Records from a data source
※
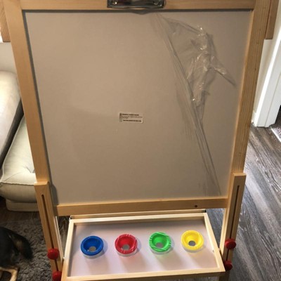 I'm just curious as to how you can sell an easel with ALL the things minus paint brushes & paint. It makes me laugh at all the other BS sent with it but the fact paint brushes & paint is where they decided to dry the line. Like, "Nope! We refuse to have this come with paint & paint brushes to go alone with the 4 crappy paint cups!" Other than that, it seems nice. The chalk board & the white board will have to be cleaned using something wet because the brush provided does not work at all in erasing anything. Thankfully I ordered the Melissa & Dough paper roll, paint brushes & paint set in addition with the purchase of this easel. I guess you get what you pay for.
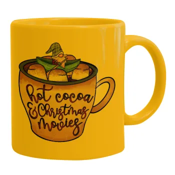 Hot Cocoa And Christmas Movies, Ceramic coffee mug yellow, 330ml
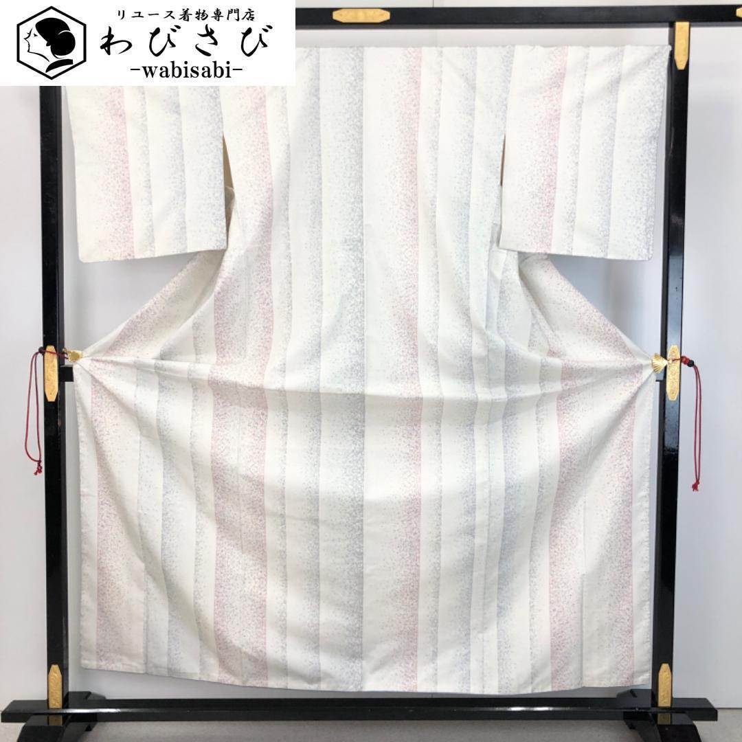 > 本場大島紬 白大島 縦縞模様 卯の花色 K-5313 着物 きもの kimono 和服 和装 中古 リサイクル着物 【送料無料】
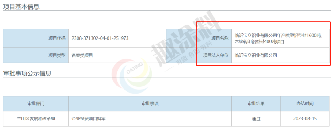 2023年8月11日,臨沂寶立鋁業(yè)有限公司,年產(chǎn)噴塑鋁型材1600噸、木紋轉(zhuǎn)印鋁型材400噸項目,在蘭山區(qū)發(fā)展和改革局,進行企業(yè)投資項目備案。
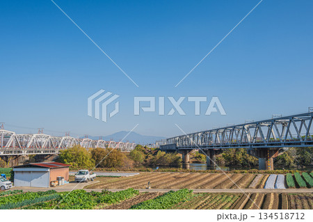 桂川に架かる東海道線鉄橋と河川敷に広がる野菜畑 京都市
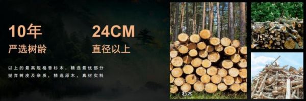芯选材:严选10年树龄,直径24 cm以上的最高规格香杉木,精选最优部分,抛弃树皮及杂质,出材率≤65%,气味清香,坚韧耐磨保用10年。
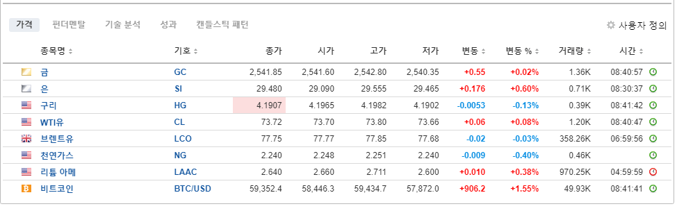 미국 시장이 좋아진 덕분인지 비트코인 시세도 살짝 올라갔습니다. 금이랑 은도 다시 좀 올라갔네요.
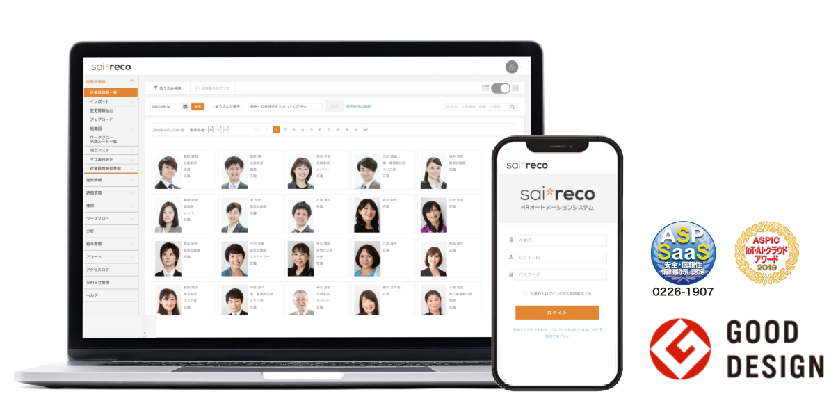 サイレコは、組織人事情報を一元管理し、定型業務を自動化・効率化するHRオートメーションシステムです。タレントマネジメント機能も搭載し、人事施策を直感的に可視化できます。セキュリティ対策も万全で、AWSを利用した高い安全性を誇ります。PCやスマホからアクセス可能で、テレワークにも対応しています。
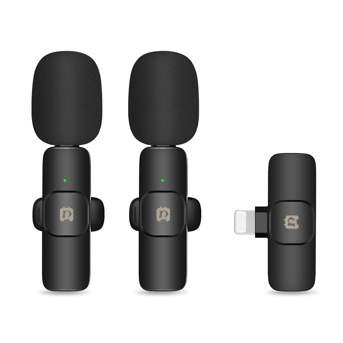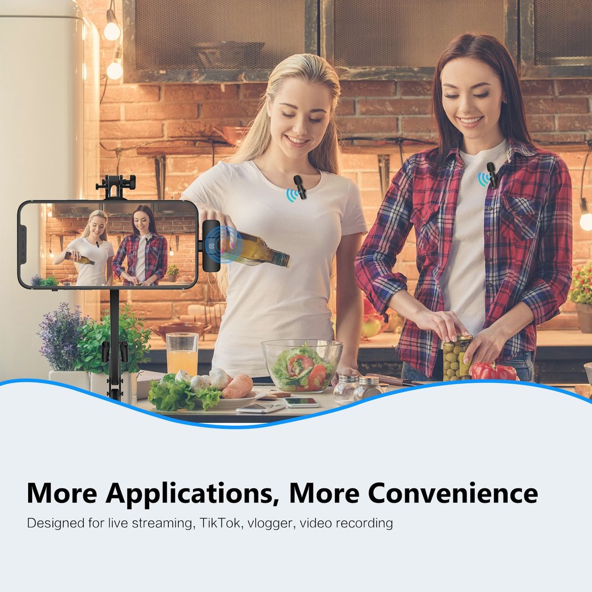 【Mini Wireless Microphone System】With one 8-pin receiver and two clip-on mini microphones, this wireless microphone system is compatible with iOS smartphones and tablets, providing high quality sound for live streaming, vlogging, video recording, interview and so on.
※
- What the task asks
Please write every line above out exactly as given, except for any pictures.

- Solution for this exercise
 I'm just curious as to how you can sell an easel with ALL the things minus paint brushes & paint. It makes me laugh at all the other BS sent with it but the fact paint brushes & paint is where they decided to dry the line. Like, "Nope! We refuse to have this come with paint & paint brushes to go alone with the 4 crappy paint cups!" Other than that, it seems nice. The chalk board & the white board will have to be cleaned using something wet because the brush provided does not work at all in erasing anything. Thankfully I ordered the Melissa & Dough paper roll, paint brushes & paint set in addition with the purchase of this easel. I guess you get what you pay for.
 Hot Cocoa And Christmas Movies, Ceramic coffee mug yellow, 330ml
 > 本場大島紬 白大島 縦縞模様 卯の花色 K-5313 着物 きもの kimono 和服 和装 中古 リサイクル着物 【送料無料】
 2023年8月11日,臨沂寶立鋁業(yè)有限公司,年產(chǎn)噴塑鋁型材1600噸、木紋轉(zhuǎn)印鋁型材400噸項目,在蘭山區(qū)發(fā)展和改革局,進行企業(yè)投資項目備案。
 桂川に架かる東海道線鉄橋と河川敷に広がる野菜畑 京都市
芯选材:严选10年树龄,直径24 cm以上的最高规格香杉木,精选最优部分,抛弃树皮及杂质,出材率≤65%,气味清香,坚韧耐磨保用10年。
 미국 시장이 좋아진 덕분인지 비트코인 시세도 살짝 올라갔습니다. 금이랑 은도 다시 좀 올라갔네요.
 サイレコは、組織人事情報を一元管理し、定型業務を自動化・効率化するHRオートメーションシステムです。タレントマネジメント機能も搭載し、人事施策を直感的に可視化できます。セキュリティ対策も万全で、AWSを利用した高い安全性を誇ります。PCやスマホからアクセス可能で、テレワークにも対応しています。
 【Mini Wireless Microphone System】With one 8-pin receiver and two clip-on mini microphones, this wireless microphone system is compatible with iOS smartphones and tablets, providing high quality sound for live streaming, vlogging, video recording, interview and so on.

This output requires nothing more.